I should be grading right now, instead, I am blogging on my phone at the Starbucks. Yes, I know, Starbucks. This town has three more independent coffee shops than bookstores, which means it has three independent coffee shops. But I got a gift certificate to Starbucks fromschjoll, so I'm drinking a free 16 oz. decaf, 2-pump, vanilla latte with whole milk. I feel bad for the guy when he has to repeat that back to me.

Anyhoo, I've been trying to drill parallelism into my kids' heads recently, with limited success. We covered it during rhetorical devices (notice I said "covered" and not "learned" because it's clear they didn't learn it ). But it's a big part if the state tests, not to mention good grammar. So we're doing it again-- the standarized test question way.

Everytime I go over a sentence that has items in a series that are not parallel, I start singing the Sesame Street song "three of these things are not like the other, three of these things are kind of the same..." to myself. I'm imagining a lesson with sentences cut into strips and they have to make them parallel whole I play the song in the background. Or something.

I find myself scouring our books for parallel constructions. Of course, I feel so harried by everything else, that nothing gas cone of this plan--yet. Yet. I guess my ultimate point is that I'm starting to feel like a real English teacher. I guess if you play one on TV long enough, it's bound to happenn.

Thursday, January 21, 2010

More of The Wire

I've had lots of stuff floating around my head, but not enough time, determination, or focus to share. Oh well. One of these days. So here's just a brief moment of hilarity from today.

This makes more sense if you watch The Wire and/or are familiar with common drug-dealing slang. What you need to understand is "re-up".

I had my students build daybooks today. Oh yes, they now have all the assignments (minus only one essay) that we'll be working on for the next 5 weeks. :-D For the daybook, you pick up the papers and some construction paper (for covers) and staple it all together into a book. I have two staplers, but first block stood there like, well, morons waiting for one stapler when the other ran out of staples. After a few minutes of students standing around like bumps on logs, I asked what was up. I was a bit exasperated that I had to tell them to bring me the stapler for more staples. I told my other classes not to stand around if they ran out of staples.

One of my students in 3rd block is disengaged from school in a MAJOR way (he is about 2 1/2 years behind in credits -- yup, that means he's failed almost every class in high school); this is a hint that he has larger issues outside of school, like possible gang affiliation. He comes to school because he has to in order to keep his PO off his back, not because he has any desire to actually graduate. Sure enough, 3rd ran out of staples and he walked up to me with the stapler and says, "Hey, Ms. X*, I need a re-up."

It was so awesome. I laughed. I've got him asking for a re-up of staples. I live in The Wire.

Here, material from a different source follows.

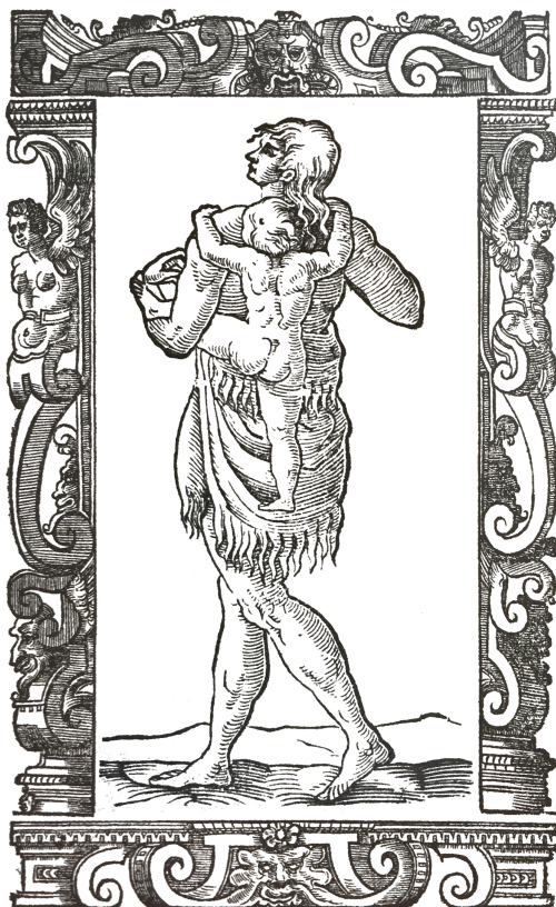
Grabado 4. Vecellio, Habiti antichi et moderni , f. 503 v.

Este hábito sirve tanto para las matronas como para las doncellas; aunque cierto es que las doncellas llevan los brazos apoyados en el pecho para cubrir las mamas, pero por lo demás no hay ninguna otra diferencia. El pelo les cae por los hombros; se cubren con pieles las partes de la vergüenza; llevan al cuello varias cadenas de cobre y se pintan maravillosamente. Portan unos vasos donde llevan agua y les complace cazar y pescar. [...] Las mujeres de la Isla de Virginia tienen un buen modo para llevar a sus niños, sentándolos sobre la espalda, como se ve en la impresión; llevan

Sometimes, it's even funny.


*Names have been changed to protect, well, me.

Thursday, January 14, 2010

I Scream

I stopped one of my students at the end of class today, because she never took the final before going to Mexico in December. As a result, she failed first semester. She looked at me with amazement that she had forgotten to take the final (no, she's not the most attentive student). However, her grade isn't so bad, so if she can pull off a 50% on the final, she will pass the class. I told her all of this.

While I was telling her this, she pulled a bottle of something out of her bag and gave it to me a little sheepishly. She said she brought it back for me from Mexico. She's not sure what it is in English, but it's really good. A couple of other students standing around the doorway agreed with her emphatically. One told me it was really good on toast. I looked at the jar of cafe con leche colored, creamy substance and realized she had handed me a jar of real caramel. Not fake, chemical caramel, but real, milk-cooked-down-until-it's-thick-sweet-and-delicious caramel.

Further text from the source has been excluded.